====== Data excerpts ======

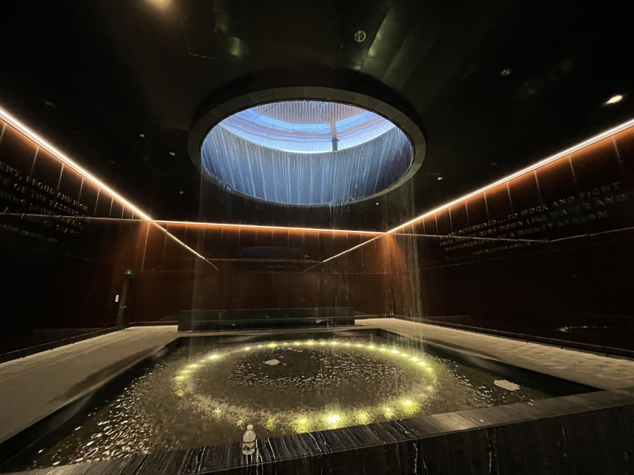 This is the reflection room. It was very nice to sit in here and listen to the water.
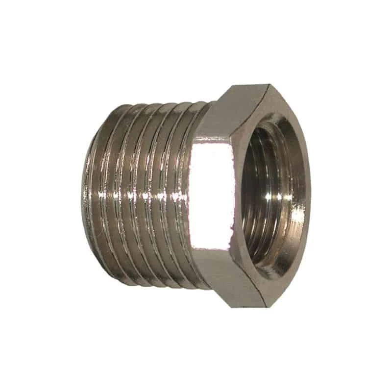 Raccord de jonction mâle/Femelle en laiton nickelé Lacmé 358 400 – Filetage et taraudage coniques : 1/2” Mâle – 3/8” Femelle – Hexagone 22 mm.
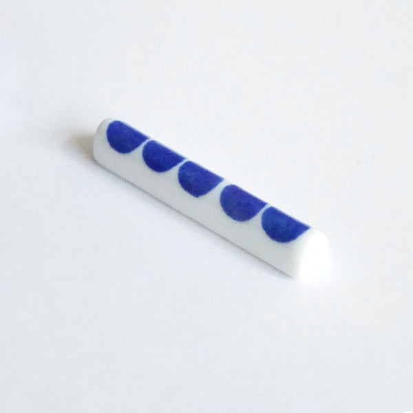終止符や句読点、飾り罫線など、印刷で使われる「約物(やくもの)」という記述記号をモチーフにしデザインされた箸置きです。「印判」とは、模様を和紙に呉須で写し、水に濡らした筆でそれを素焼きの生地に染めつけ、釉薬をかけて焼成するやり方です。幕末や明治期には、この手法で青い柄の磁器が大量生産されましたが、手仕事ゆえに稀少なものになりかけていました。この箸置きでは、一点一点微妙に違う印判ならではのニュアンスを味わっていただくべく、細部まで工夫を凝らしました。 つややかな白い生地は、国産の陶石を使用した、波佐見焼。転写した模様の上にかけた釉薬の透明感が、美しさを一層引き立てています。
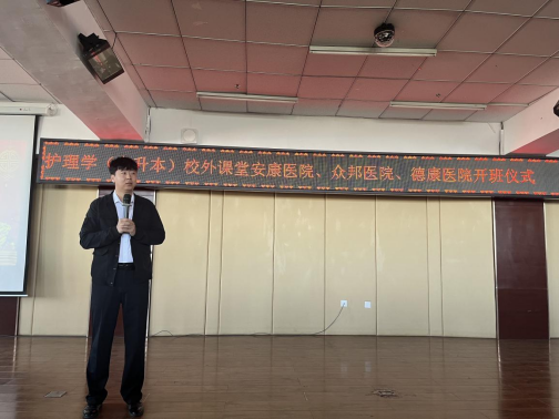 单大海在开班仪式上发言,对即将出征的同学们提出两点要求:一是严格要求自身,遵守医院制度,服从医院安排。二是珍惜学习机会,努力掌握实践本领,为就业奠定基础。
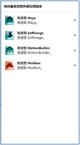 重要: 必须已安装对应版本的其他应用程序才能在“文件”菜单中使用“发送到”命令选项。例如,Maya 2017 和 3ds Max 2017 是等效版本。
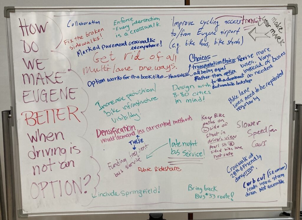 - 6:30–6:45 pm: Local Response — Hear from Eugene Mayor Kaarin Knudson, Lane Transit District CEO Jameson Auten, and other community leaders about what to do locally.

======
====== Data excerpts ======

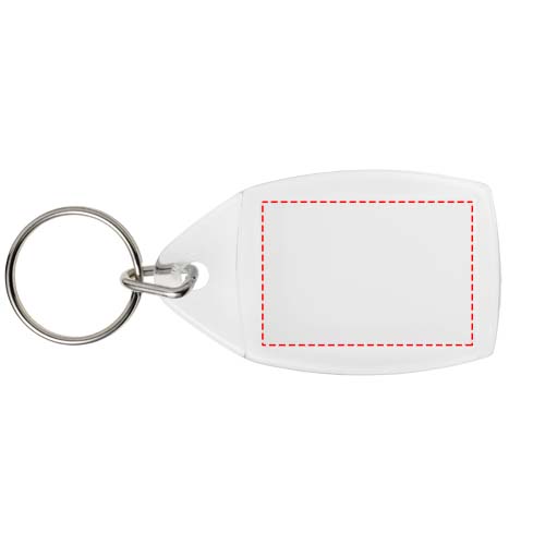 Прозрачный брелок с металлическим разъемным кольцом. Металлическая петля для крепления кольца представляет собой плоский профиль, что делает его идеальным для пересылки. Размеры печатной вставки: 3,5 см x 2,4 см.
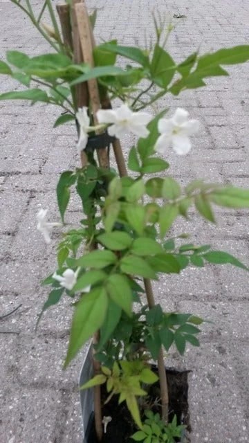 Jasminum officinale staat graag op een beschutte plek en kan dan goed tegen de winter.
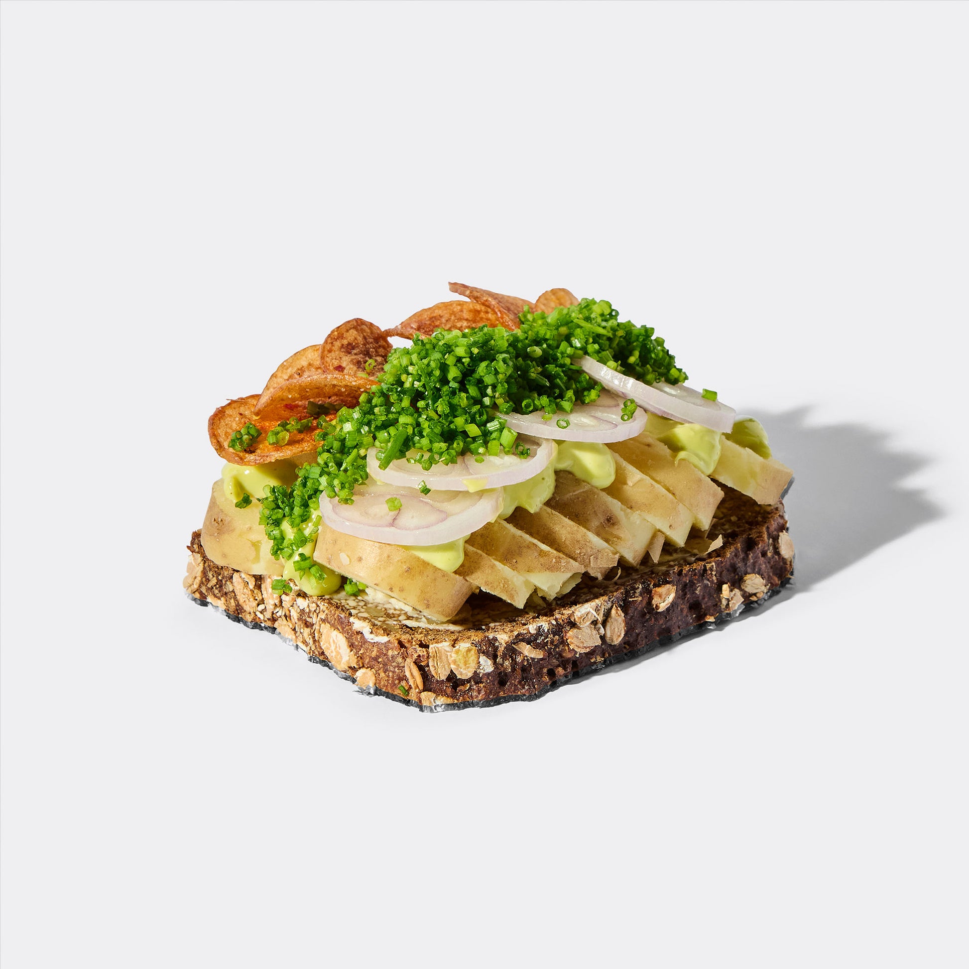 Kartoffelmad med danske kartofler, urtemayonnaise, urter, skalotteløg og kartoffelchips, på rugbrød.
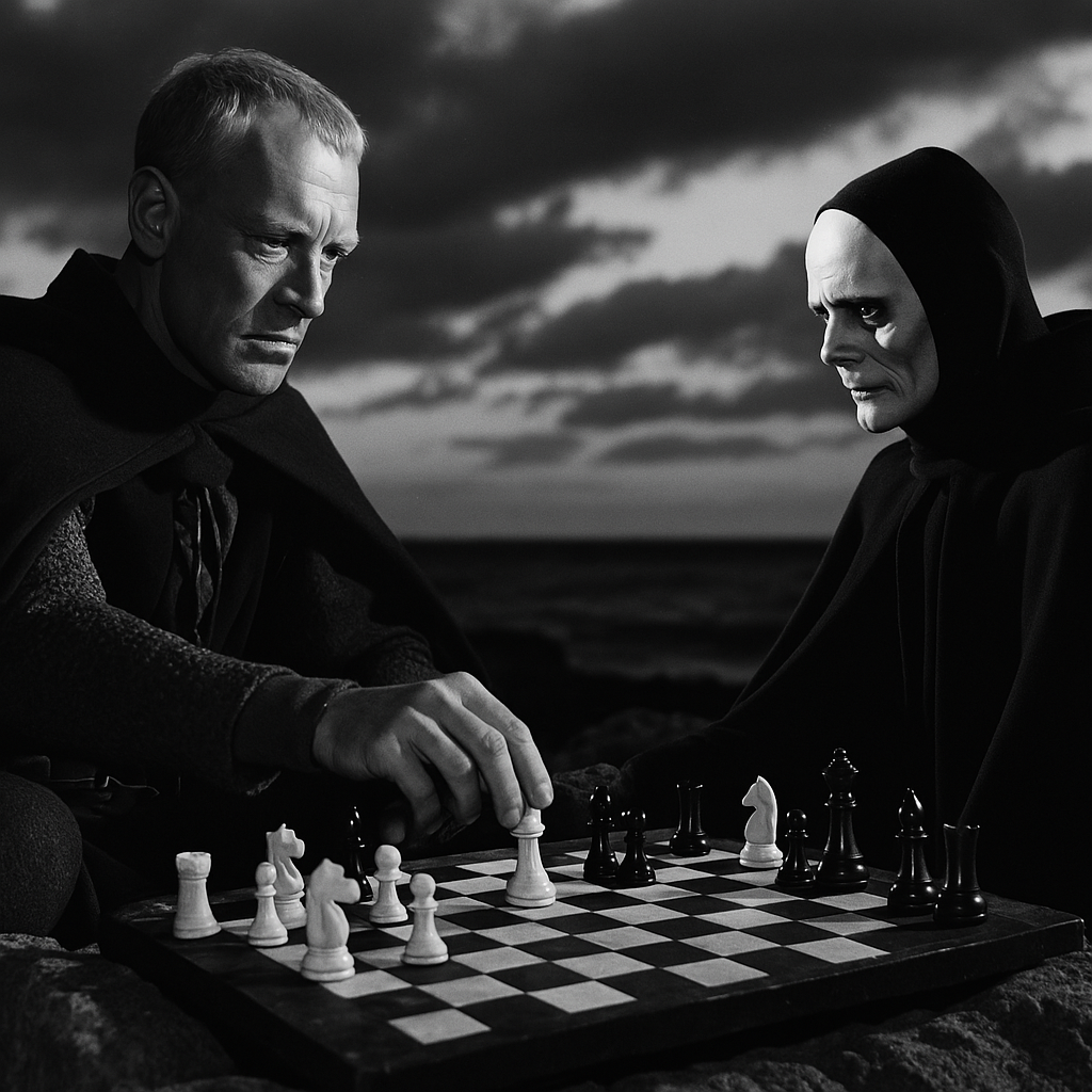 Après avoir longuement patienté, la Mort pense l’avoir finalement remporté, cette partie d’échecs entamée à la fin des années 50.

======

- _The problem_: Your output should be the lines above from the one that contains "单大海在开班仪式上发言,对即" through the one that contains "- 6:30–6:45 pm: Local", word for word, with pictures left out.

- _Answer for this exercise_:
 单大海在开班仪式上发言,对即将出征的同学们提出两点要求:一是严格要求自身,遵守医院制度,服从医院安排。二是珍惜学习机会,努力掌握实践本领,为就业奠定基础。
 重要: 必须已安装对应版本的其他应用程序才能在“文件”菜单中使用“发送到”命令选项。例如,Maya 2017 和 3ds Max 2017 是等效版本。
 - 6:30–6:45 pm: Local Response — Hear from Eugene Mayor Kaarin Knudson, Lane Transit District CEO Jameson Auten, and other community leaders about what to do locally.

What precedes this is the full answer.